— What you are asked to do —
From the line holding "Ⅰ.1.clock 2.breakfast 3.twenty" through the line holding "乔木状竹类植物,地下茎合轴型" below, write out every line exactly; include both of those lines and drop the pictures.

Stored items
* * * * * * *

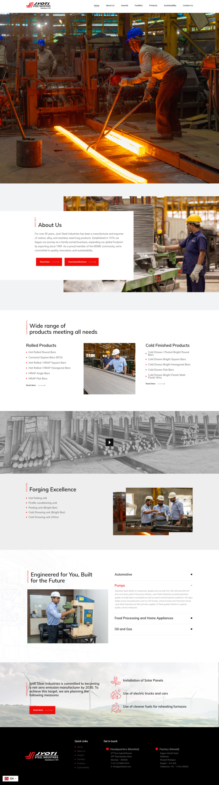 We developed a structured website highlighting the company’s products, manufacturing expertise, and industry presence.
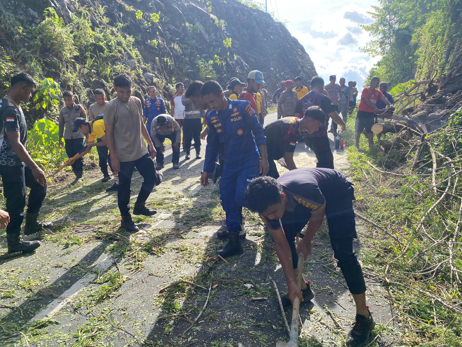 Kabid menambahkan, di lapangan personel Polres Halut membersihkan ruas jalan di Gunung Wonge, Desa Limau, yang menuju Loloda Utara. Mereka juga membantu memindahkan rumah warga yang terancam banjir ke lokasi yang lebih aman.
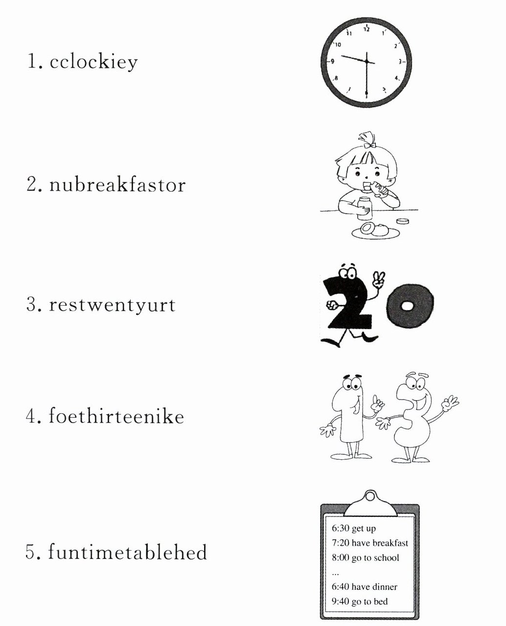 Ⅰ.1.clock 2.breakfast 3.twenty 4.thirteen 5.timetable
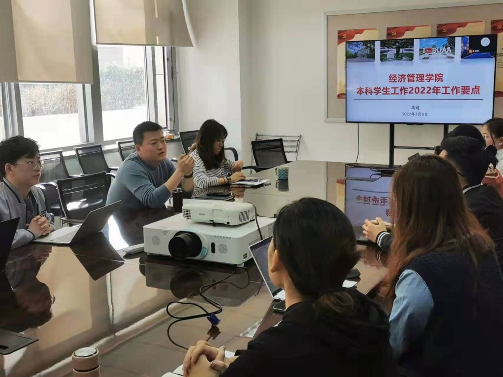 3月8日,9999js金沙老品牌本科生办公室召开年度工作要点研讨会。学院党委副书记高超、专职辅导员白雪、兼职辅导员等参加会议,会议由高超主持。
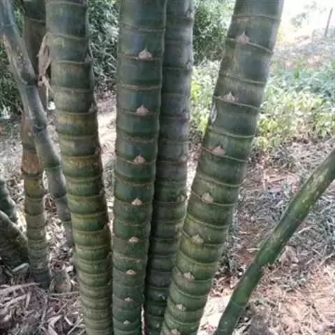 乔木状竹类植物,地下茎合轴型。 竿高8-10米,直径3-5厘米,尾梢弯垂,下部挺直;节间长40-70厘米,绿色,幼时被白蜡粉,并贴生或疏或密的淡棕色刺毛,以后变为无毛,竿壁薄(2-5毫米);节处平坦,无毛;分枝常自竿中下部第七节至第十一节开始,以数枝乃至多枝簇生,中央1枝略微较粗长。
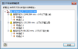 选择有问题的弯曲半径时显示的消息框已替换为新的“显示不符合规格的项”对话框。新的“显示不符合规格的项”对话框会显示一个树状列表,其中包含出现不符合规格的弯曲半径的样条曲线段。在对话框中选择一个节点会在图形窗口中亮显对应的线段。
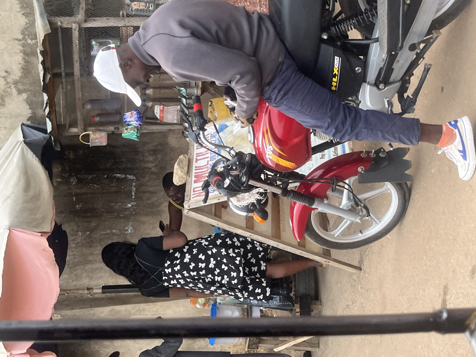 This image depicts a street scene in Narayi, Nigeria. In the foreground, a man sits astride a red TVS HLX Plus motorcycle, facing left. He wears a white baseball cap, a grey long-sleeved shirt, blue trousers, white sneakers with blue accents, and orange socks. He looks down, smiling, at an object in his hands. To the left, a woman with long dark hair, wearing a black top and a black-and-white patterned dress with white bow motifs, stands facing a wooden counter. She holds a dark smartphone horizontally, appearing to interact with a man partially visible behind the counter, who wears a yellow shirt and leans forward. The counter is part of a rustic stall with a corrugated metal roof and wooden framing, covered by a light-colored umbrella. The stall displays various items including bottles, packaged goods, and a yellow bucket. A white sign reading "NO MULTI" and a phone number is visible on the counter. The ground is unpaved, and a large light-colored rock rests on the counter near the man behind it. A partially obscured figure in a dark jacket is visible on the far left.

* * * * * * *

— Expected output —
 Ⅰ.1.clock 2.breakfast 3.twenty 4.thirteen 5.timetable
 3月8日,9999js金沙老品牌本科生办公室召开年度工作要点研讨会。学院党委副书记高超、专职辅导员白雪、兼职辅导员等参加会议,会议由高超主持。
 乔木状竹类植物,地下茎合轴型。 竿高8-10米,直径3-5厘米,尾梢弯垂,下部挺直;节间长40-70厘米,绿色,幼时被白蜡粉,并贴生或疏或密的淡棕色刺毛,以后变为无毛,竿壁薄(2-5毫米);节处平坦,无毛;分枝常自竿中下部第七节至第十一节开始,以数枝乃至多枝簇生,中央1枝略微较粗长。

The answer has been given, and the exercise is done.